**Task directions:** Taking the line with "Am 9. und 10." as the first and the line with "Tuinstudio Tom heeft" as the last, set down the lines below exactly, pictures excluded.

**Input:**
..............................
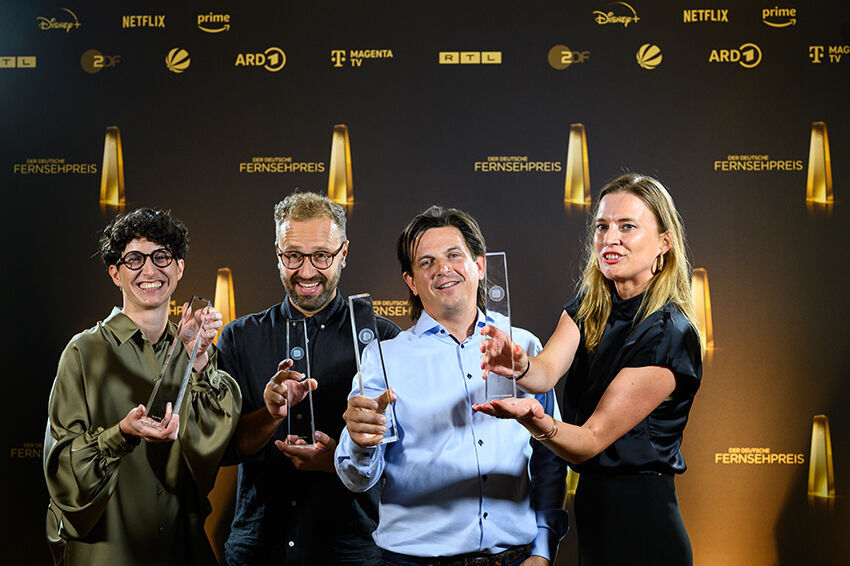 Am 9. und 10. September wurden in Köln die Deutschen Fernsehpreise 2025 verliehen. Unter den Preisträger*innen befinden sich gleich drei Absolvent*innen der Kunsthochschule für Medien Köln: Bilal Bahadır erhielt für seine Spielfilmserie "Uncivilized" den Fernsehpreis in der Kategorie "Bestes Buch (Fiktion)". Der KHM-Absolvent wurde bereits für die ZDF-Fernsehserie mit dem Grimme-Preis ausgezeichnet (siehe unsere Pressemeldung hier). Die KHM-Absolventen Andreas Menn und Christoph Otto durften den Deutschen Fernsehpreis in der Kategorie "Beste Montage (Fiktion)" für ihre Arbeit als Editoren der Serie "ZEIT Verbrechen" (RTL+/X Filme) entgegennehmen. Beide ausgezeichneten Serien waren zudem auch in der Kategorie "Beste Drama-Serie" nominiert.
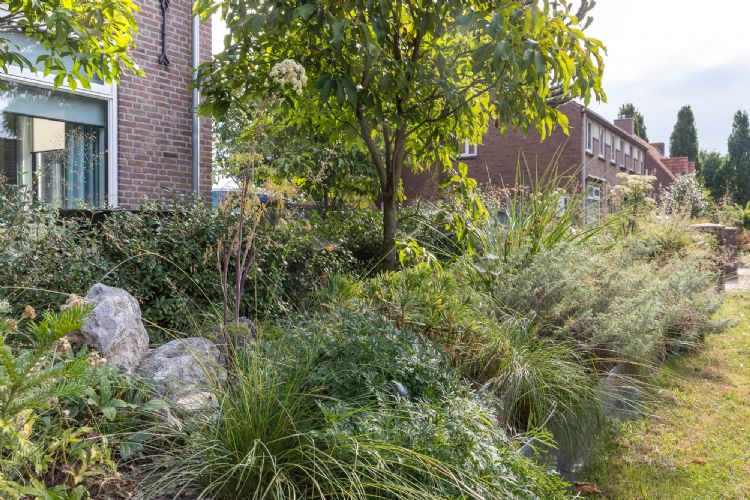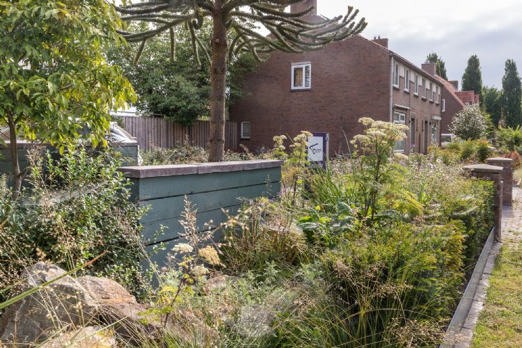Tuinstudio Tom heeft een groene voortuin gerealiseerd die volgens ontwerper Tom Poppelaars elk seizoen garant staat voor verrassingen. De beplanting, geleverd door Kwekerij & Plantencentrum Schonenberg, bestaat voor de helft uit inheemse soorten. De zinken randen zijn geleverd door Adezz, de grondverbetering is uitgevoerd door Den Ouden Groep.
..............................
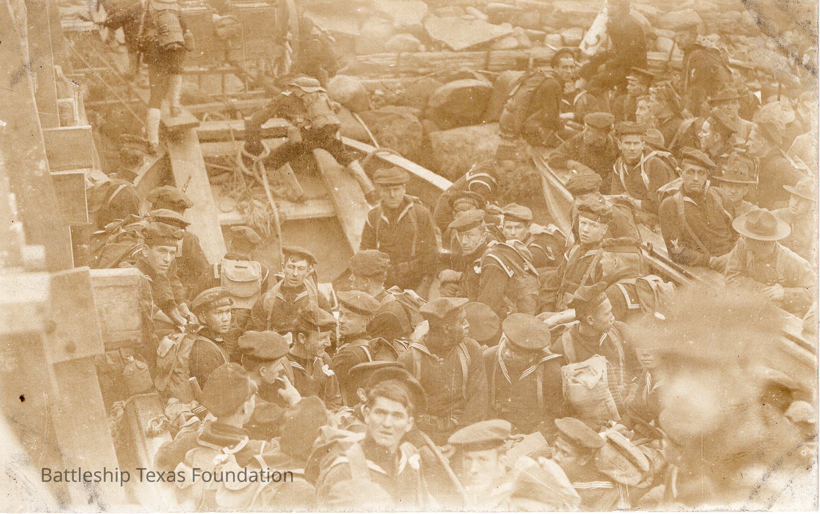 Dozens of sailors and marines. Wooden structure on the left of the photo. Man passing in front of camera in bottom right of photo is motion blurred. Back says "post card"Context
..............................
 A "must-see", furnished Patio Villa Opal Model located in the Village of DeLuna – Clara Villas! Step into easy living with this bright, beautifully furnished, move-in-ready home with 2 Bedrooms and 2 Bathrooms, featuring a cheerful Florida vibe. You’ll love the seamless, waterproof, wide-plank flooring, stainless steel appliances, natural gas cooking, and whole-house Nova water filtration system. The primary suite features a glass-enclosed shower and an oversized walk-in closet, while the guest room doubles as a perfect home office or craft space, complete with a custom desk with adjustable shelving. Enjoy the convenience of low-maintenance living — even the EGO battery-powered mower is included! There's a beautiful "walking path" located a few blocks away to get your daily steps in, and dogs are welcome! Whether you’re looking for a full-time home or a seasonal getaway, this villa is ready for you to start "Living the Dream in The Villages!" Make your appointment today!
..............................
**Written response:**
 Am 9. und 10. September wurden in Köln die Deutschen Fernsehpreise 2025 verliehen. Unter den Preisträger*innen befinden sich gleich drei Absolvent*innen der Kunsthochschule für Medien Köln: Bilal Bahadır erhielt für seine Spielfilmserie "Uncivilized" den Fernsehpreis in der Kategorie "Bestes Buch (Fiktion)". Der KHM-Absolvent wurde bereits für die ZDF-Fernsehserie mit dem Grimme-Preis ausgezeichnet (siehe unsere Pressemeldung hier). Die KHM-Absolventen Andreas Menn und Christoph Otto durften den Deutschen Fernsehpreis in der Kategorie "Beste Montage (Fiktion)" für ihre Arbeit als Editoren der Serie "ZEIT Verbrechen" (RTL+/X Filme) entgegennehmen. Beide ausgezeichneten Serien waren zudem auch in der Kategorie "Beste Drama-Serie" nominiert.
Tuinstudio Tom heeft een groene voortuin gerealiseerd die volgens ontwerper Tom Poppelaars elk seizoen garant staat voor verrassingen. De beplanting, geleverd door Kwekerij & Plantencentrum Schonenberg, bestaat voor de helft uit inheemse soorten. De zinken randen zijn geleverd door Adezz, de grondverbetering is uitgevoerd door Den Ouden Groep.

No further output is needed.